(Work instructions)
All lines holding the word "design" should be located in the records and copied.

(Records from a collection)

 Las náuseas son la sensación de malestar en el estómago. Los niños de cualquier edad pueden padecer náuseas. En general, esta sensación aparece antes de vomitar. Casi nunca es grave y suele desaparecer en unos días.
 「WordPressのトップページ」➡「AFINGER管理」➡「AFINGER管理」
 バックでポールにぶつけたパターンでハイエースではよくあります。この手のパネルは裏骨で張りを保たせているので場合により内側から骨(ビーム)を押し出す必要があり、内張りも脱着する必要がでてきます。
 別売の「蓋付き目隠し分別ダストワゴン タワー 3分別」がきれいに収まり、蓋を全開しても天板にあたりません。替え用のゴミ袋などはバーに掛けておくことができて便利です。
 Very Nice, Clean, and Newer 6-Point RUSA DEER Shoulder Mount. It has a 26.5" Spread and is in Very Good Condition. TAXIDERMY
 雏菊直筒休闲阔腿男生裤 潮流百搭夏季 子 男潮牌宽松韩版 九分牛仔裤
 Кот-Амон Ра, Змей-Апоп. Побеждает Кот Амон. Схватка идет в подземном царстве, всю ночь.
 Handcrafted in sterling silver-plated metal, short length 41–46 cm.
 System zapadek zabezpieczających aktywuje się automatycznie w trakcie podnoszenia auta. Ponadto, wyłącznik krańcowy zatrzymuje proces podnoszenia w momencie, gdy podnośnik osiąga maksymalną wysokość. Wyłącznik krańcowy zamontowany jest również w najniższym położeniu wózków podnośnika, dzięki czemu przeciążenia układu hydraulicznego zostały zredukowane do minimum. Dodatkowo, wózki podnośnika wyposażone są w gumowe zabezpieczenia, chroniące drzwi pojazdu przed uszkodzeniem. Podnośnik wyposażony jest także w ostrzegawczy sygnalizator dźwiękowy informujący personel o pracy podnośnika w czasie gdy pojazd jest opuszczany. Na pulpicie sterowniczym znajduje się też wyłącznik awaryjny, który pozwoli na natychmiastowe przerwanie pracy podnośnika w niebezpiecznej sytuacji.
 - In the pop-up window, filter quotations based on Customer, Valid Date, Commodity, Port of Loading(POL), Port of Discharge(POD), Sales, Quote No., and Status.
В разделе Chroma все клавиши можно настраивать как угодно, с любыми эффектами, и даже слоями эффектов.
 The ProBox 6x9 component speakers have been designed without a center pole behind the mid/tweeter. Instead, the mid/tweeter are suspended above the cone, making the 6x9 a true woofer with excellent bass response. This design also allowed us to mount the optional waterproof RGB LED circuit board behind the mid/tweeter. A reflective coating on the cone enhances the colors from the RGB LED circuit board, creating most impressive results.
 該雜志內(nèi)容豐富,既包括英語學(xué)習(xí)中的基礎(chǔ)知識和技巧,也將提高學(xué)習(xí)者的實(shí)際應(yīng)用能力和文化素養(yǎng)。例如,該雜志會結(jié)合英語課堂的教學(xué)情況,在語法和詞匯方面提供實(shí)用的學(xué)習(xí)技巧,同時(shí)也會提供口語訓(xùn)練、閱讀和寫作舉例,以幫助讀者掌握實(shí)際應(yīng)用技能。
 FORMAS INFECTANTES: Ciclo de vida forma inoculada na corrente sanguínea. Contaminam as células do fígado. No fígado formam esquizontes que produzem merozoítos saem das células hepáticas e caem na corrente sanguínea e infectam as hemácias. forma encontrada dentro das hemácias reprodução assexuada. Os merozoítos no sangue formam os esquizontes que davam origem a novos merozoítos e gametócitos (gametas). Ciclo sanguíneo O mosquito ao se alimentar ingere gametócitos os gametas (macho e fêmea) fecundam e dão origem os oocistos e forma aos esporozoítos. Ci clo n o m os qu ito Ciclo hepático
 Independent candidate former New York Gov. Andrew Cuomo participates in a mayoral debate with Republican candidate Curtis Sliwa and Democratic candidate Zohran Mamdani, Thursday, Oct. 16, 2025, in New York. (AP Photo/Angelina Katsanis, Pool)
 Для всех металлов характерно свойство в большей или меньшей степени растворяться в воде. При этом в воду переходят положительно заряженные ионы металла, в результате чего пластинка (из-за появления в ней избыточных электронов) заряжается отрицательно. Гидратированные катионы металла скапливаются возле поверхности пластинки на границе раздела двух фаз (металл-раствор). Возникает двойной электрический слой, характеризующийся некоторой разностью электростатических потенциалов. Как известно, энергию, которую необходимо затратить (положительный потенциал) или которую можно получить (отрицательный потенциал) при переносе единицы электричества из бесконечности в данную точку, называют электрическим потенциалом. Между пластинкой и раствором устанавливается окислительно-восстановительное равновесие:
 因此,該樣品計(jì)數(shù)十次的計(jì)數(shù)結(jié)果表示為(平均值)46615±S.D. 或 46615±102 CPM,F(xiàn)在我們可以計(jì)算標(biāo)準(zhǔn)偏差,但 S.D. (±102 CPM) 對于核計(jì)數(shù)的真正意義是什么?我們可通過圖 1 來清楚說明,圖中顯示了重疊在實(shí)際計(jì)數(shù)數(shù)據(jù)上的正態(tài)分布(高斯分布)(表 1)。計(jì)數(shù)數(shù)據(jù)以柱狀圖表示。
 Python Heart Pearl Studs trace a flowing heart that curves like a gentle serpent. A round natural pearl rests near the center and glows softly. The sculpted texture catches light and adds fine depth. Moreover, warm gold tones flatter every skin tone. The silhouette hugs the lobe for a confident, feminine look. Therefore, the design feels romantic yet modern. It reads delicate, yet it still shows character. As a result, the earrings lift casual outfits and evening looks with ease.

(Answer to this task)
 The ProBox 6x9 component speakers have been designed without a center pole behind the mid/tweeter. Instead, the mid/tweeter are suspended above the cone, making the 6x9 a true woofer with excellent bass response. This design also allowed us to mount the optional waterproof RGB LED circuit board behind the mid/tweeter. A reflective coating on the cone enhances the colors from the RGB LED circuit board, creating most impressive results.
 Python Heart Pearl Studs trace a flowing heart that curves like a gentle serpent. A round natural pearl rests near the center and glows softly. The sculpted texture catches light and adds fine depth. Moreover, warm gold tones flatter every skin tone. The silhouette hugs the lobe for a confident, feminine look. Therefore, the design feels romantic yet modern. It reads delicate, yet it still shows character. As a result, the earrings lift casual outfits and evening looks with ease.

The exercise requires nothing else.